Fool’s Gold Folly
by J.D.R. Hawkins


"Sure’n ye can’t take it with ye…. But ye can certainly enjoy it while ye’re here!"

In a story set after the Civil War, readers meet Patrick, a man who wants the best for his family. His parents died when he was a child back in Ireland. When he comes of age, he emigrates to America, works on a farm in Pennsylvania, and meets the love of his life, as well as his best friends. But a controversy on the farm convinces him that he could fare better out West. In Colorado, he joins a group of Irish gold miners. Silas, an outlier of the group, takes Patrick under his wing and into his confidence.

The threads of this novella are woven into one tight plot. Patrick is caught between his past on the farm (where a controversy still looms), waiting to strike a vein of gold in the present, and the yet-to-be-revealed inheritance Silas leaves him. These each inform how Patrick works toward building a new home for his family. A few choice details, such as signs on Denver City storefronts prohibiting Irish job applicants, the brogue accents coupled with the Western drawl of those who do welcome Patrick and family, and the mysterious top-hatted figure Patrick spots and about whom Silas warns him, evoke vivid scenes the adventurous narrative moves through with swiftness.

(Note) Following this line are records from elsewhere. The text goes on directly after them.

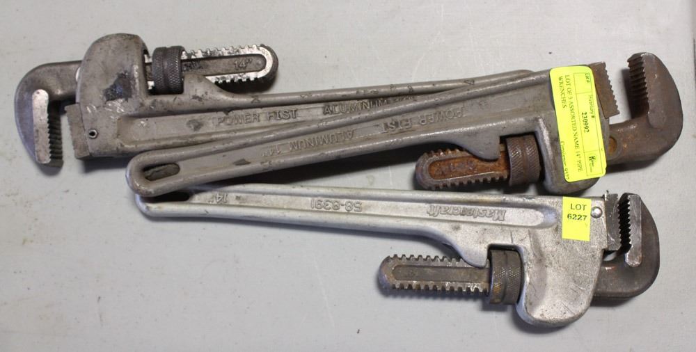 LOT OF 3 ASSORTED NAME 14" PIPE WRENCHES
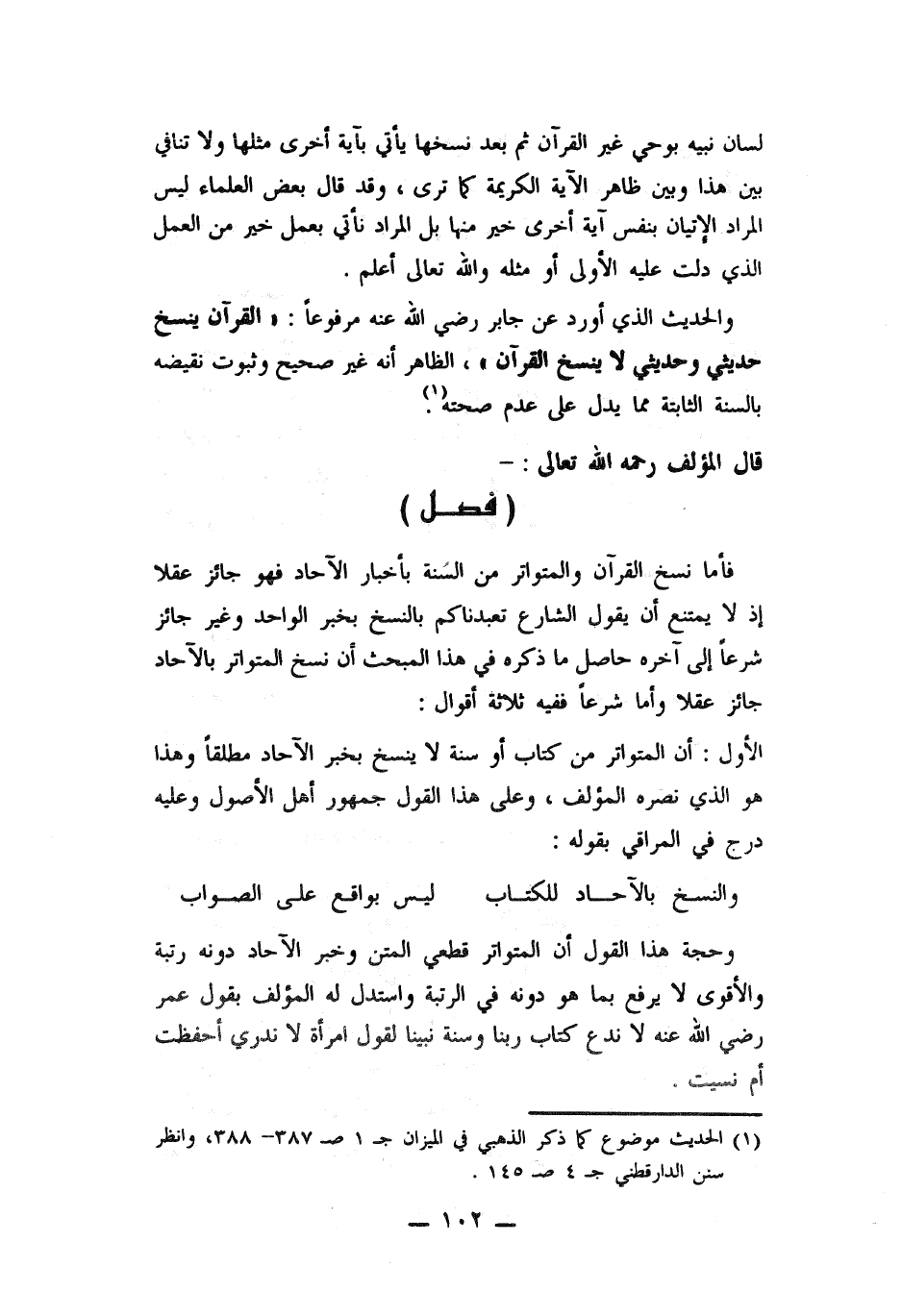 الأول: ان المتواتر من كتاب أو سنة لا ينسخ بخبر الآحاد مطلقاً وهذا هو الذي نصره المؤلف، وعلى هذا القول جمهور أهل الأصول وعليه درج في المراقي بقوله:
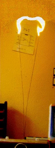 ![]() Jacob's ladder: two electrodes arranged in "V" shape. The arc is ignited at the point of smallest distance (bottom) and rises up till it reaches the end of the electrodes, gets too long and breaks off. Transformer: 4kV 2000VA mains. Photo: open shutter, ignite arc, wait till it has broken off, close shutter. Set the aperture to a high value (11 or 16). |
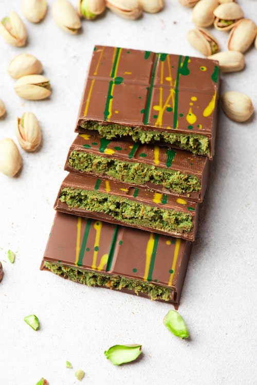 Mainly yellow-green kernels with a small proportion of darker pieces. Lower intensity of green color. Light yellow green. Noticeably lighter color, more mixed hues. Used in ice cream flavoring and bakery fillings.
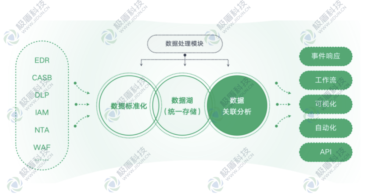 2、结合安全信息和事件管理(SIEM)、安全编排自动化和响应(SOAR)、端点检测与响应(EDR)以及网络流量分析(NTA)等现有能力,集中安全数据和事件响应,进行统一管理、统一分析,大大提升内部网络安全运营效率。
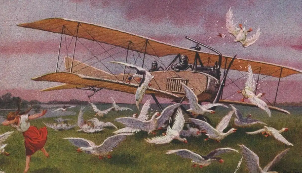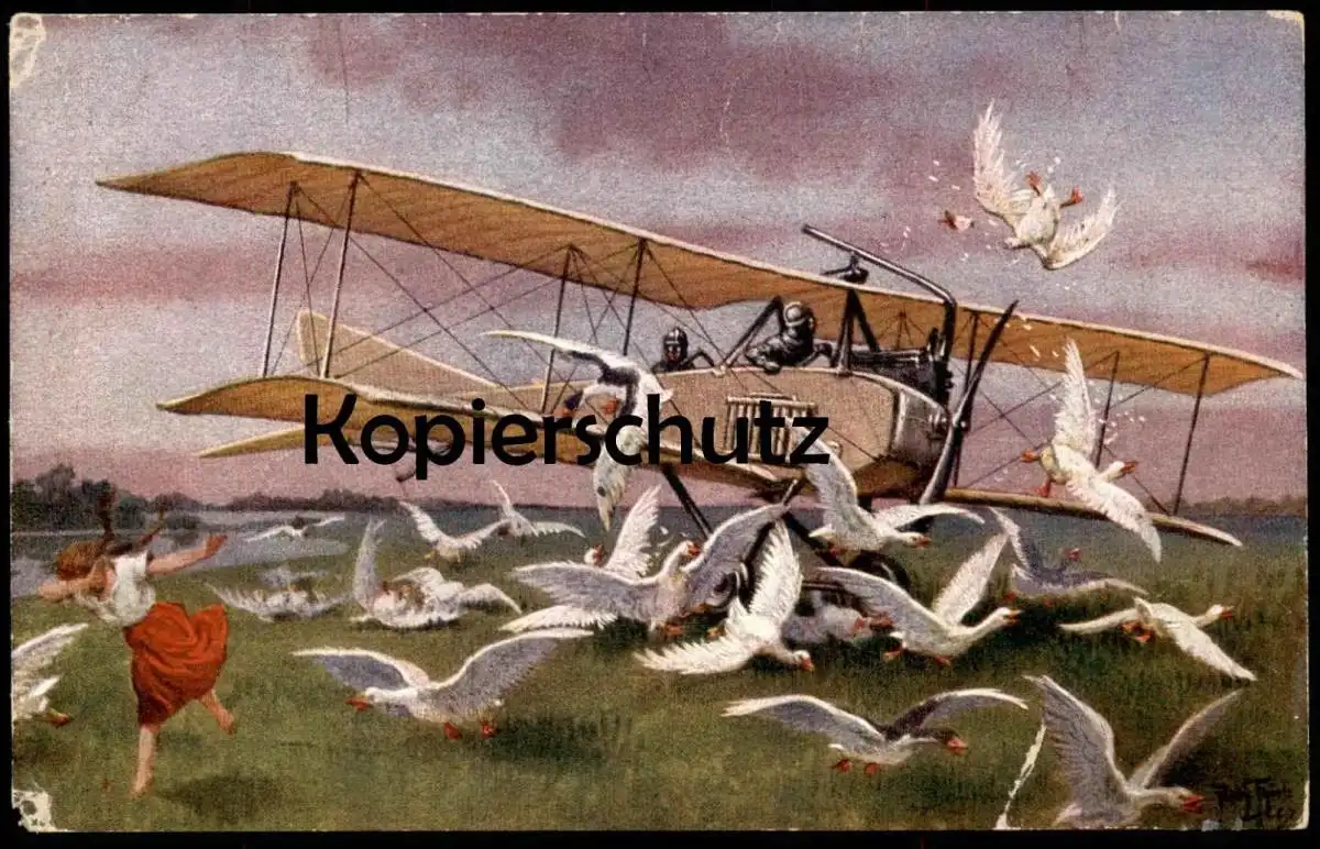 ALTE KÜNSTLER POSTKARTE ARTHUR THIELE FLUGZEUG Luftfahrt Doppeldecker avion airplane Gänse Gans goose AK cpa postcard
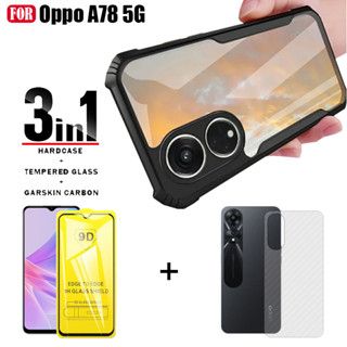 Paket 3 in 1 Opp o A78 5G Hardcase Transparant + Anti Gores Kaca + Garskin
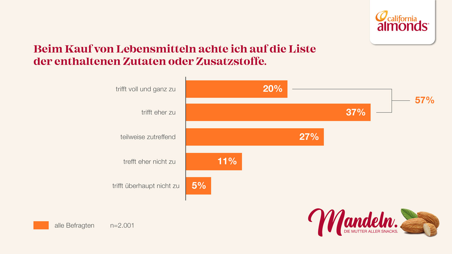 Gesundheitsbewusstsein im Fokus: 57% der Konsumenten legen großen Wert auf die Inhaltsstoffe beim Lebensmittelkauf.
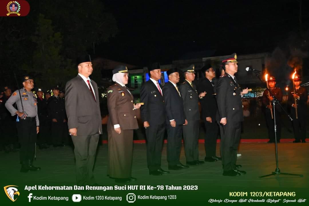 Ketapang – Malam ini, tepat pukul 00.00 WIB berlangsung Apel Kehormatan Dan Renungan Suci di Taman Makam Pahlawan (TMP) Tanjungpura Jl. Brigjen Katamso, Kelurahan Sukaharja, Kecamatan Delta Pawan, Kabupaten Ketapang, Kamis (17/8/2023).
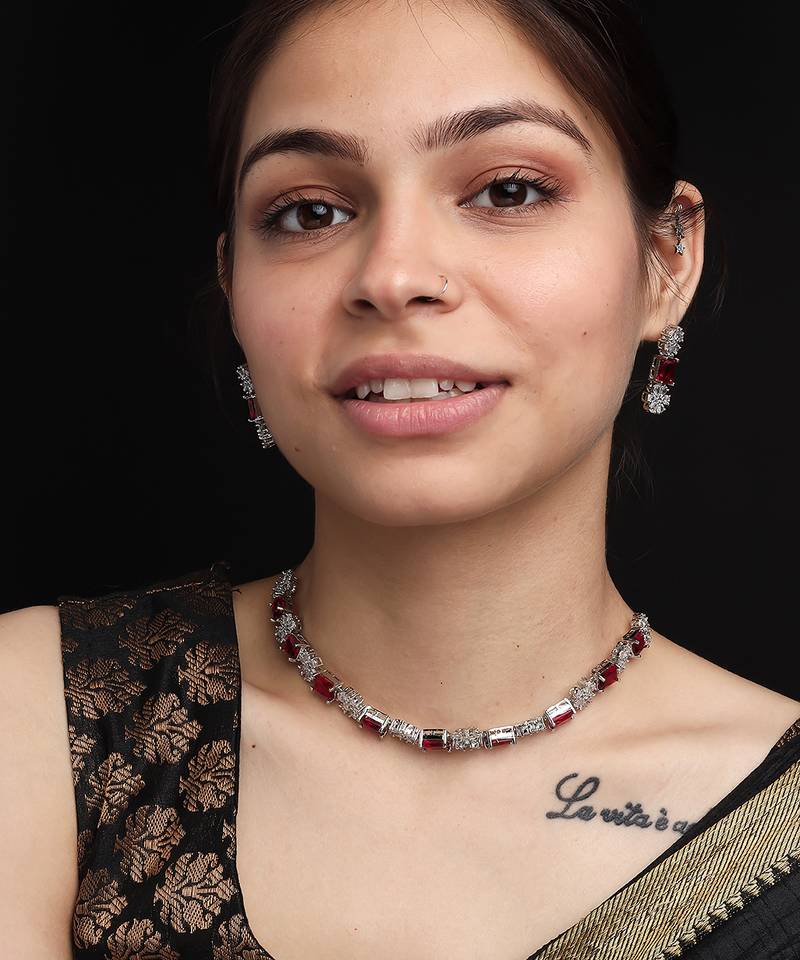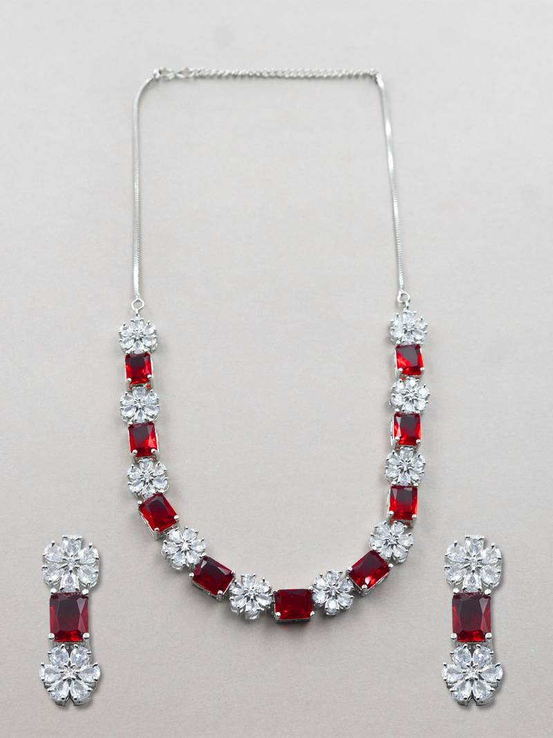 | Speciality | Exquisite Red Flower Motif Cz Sleek Necklace Set | |

Letters from Pennsylvania explain the controversy in the characters’ own words: Patrick’s friend, a Confederate soldier in Yankee land, is unduly blamed for a crime. Rebels and underdogs with ambition in common form the plot’s basis.

The characters display heroism and virtue in unconventional and wily ways. As such, the book keeps with the rest of Hawkins’ oeuvre of Civil War stories from a Confederate perspective. Although deferential, Patrick’s wife works hard to ensure her children aren’t taken advantage of by her boss (also their landlady). Patrick looks up to his mentor, Silas, but Silas is not entirely admirable. Sick and unwilling to get help, he unpredictably enters the bar where Patrick works when not mining. He doesn’t get around to telling Patrick all the secrets he promises to reveal. The promise Patrick makes Silas on his deathbed puts Patrick in a bind. The expense of keeping his word to Silas is keeping a secret from his wife. Knowing the law is not always on their side and that danger lurks, Patrick and his wife keep guns handy. The characters define a new kind of exciting and thought-provoking convention, taking the rules into their own hands.

In a twist, Patrick learns after Silas dies that maybe his friend wasn’t exactly who he said he was. As the title implies, this is a humorous tale. However, Patrick isn’t the butt of the joke. For example, he can laugh at how Silas uses him to get revenge because Patrick also benefits. The fool goes unnamed, an inside joke the reader and Patrick understand. As historical fiction, this book is an insight into the specific hardships, landscape, and inequalities of the Wild West and carries a timeless message. Research about dress, culture, and morays courtesy of Colorado historical organizations is evident and acknowledged. Each chapter begins with a quote about gold mining as a metaphor, suggesting that the story is a parable whose message is both comic and a nugget of wisdom.